Le parolacce della gente che avevano il download a metà sono rimbombate nell'etere come se avessero perso la cosa più cara al mondo.

A questo punto si sono aperte tre scuole di pensiero:
  1. I menefreghisti.
  2. Gli incazzati.
  3. I favorevoli.
Del primo gruppo fanno parte quella classe di indivisui che avendo raggiunto la pace dei sensi non vengono turbati da nessun tipo di problema.
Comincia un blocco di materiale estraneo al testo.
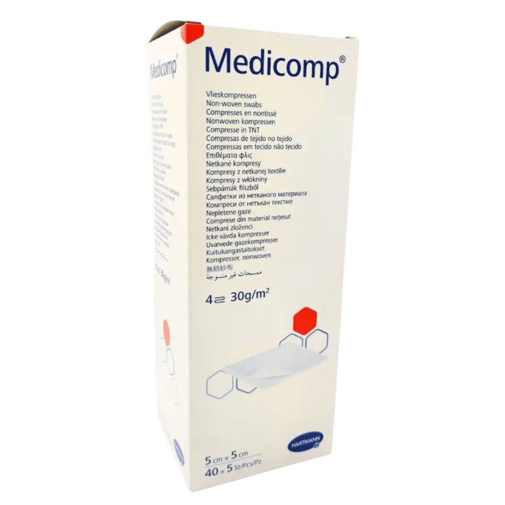 Medicomp Estéril es una compresa estéril no tejida (non-woven), fabricada con una mezcla de 70 % de viscosa y 30 % de poliéster, que ofrece una excelente capacidad de absorción, suavidad y transpirabilidad. Su composición libre de aditivos y blanqueantes ópticos garantiza una alta tolerancia cutánea y una manipulación segura en todo tipo de pieles, incluso las más sensibles. El producto lleva marcado CE, conforme a la Directiva Europea 93/42/CEE y al Real Decreto 1591/2009 sobre productos sanitarios, clasificado como producto sanitario de clase IIa (TÜV 0123). Ha sido sometido a evaluación de conformidad, demostrando su seguridad y rendimiento dentro de los parámetros exigidos por la normativa europea. Características principales: Composición: 70 % viscosa, 30 % poliéster (tejido no tejido – non-woven). Color: Blanco, libre de blanqueantes ópticos y aditivos. Esterilidad: Producto estéril, en envase individual o dispensador (excepto algunas referencias específicas). Presentación: En envase dispensador que facilita la manipulación y extracción aséptica. Clasificación: Producto sanitario clase IIa con marcado CE (TÜV 0123). Uso previsto: Tratamiento general de heridas, curas ambulatorias y pequeñas intervenciones quirúrgicas. Textura: Suave, flexible y no abrasiva, ideal para contacto directo con la piel o zonas lesionadas. Capacidad de absorción: Hasta 70 % más absorbente que una compresa de algodón de 8 capas y 17 hilos. Retiene líquidos sin gotear, liberándolos solo bajo presión. Ventajas del material: Alternativa ideal a las compresas clásicas de algodón. Excelente relación entre suavidad, absorción y resistencia. Transpirable y cómoda para el paciente. Recomendación de uso: Indicada para la limpieza, cobertura y protección de heridas en curas generales, tratamientos ambulatorios y procedimientos menores. Puede emplearse en hospitales, centros de atención primaria y entornos de primeros auxilios. Se recomienda mantener el producto en su envase original hasta su uso para preservar la esterilidad.

Gli incazzati, uno fra tutti Beppe Grillo, che dichiara: ''I rapimenti di persone saranno facilitati, il pizzo potra' essere proporzionato al reddito dichiarato. - La criminalita' organizzata non dovra' piu' indagare, presumere. Potra' andare a colpo sicuro collegandosi al sito dell'agenzia delle entrate''. Grillo, che definisce l'iniziativa una ''follia'' aggiunge con una punta di veleno che ''dopo l'indulto che ha liberato le carceri questo ex governo di imbelli, presuntuosi e deficienti fornisce ai criminali le informazioni sul reddito e l'indirizzo di casa dei contribuenti''. Quindi un invito ai 'grillini', quello di inviare una mail al prossimo ministro dell'Economia Giulio Tremonti perche' ''ristabilisca le regole della convivenza civile e blocchi l'accesso a chiunque di dati sensibili privati''.
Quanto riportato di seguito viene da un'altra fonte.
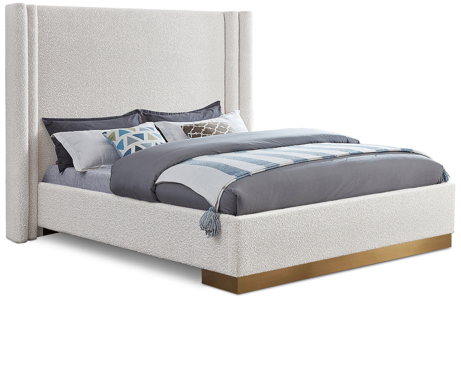 Settle in like royalty each night when you make this Halton boucle fabric bed yours. This eye-grabbing bed is destined to become the centerpiece of your bedroom sanctuary with its rich boucle fabric upholstery covering every square inch of its super-tall headboard and sides. This bed features a sturdy frame, so you can count on it weathering the sands of time and being a beautiful part of your bedroom for years to come.

Ed infine abbiamo quella parte di italiani che sono totalmente favorevoli e che hanno dalla loro parte motivazioni ineccepibili. Infatti ricordano che in altre nazioni,
mettere a disposizione di tutti le "dichiarazioni dei redditi" è una prassi comune. Secondo loro in Italia sembra che la trasparenza susciti l'ira non della gente comune che niente ha da perdere o da nascondere, ma solo da chi si sente toccato nel portafoglio messo al pubblico ludibrio. Inoltre saranno più facilemte perseguibili quelle persone che si permettono uno stile di vita da celebrità ma che dichiarano una miseria(classici evasori fiscali)!!

E voi, a quale scuola di pensiero vi sentite di appartenere?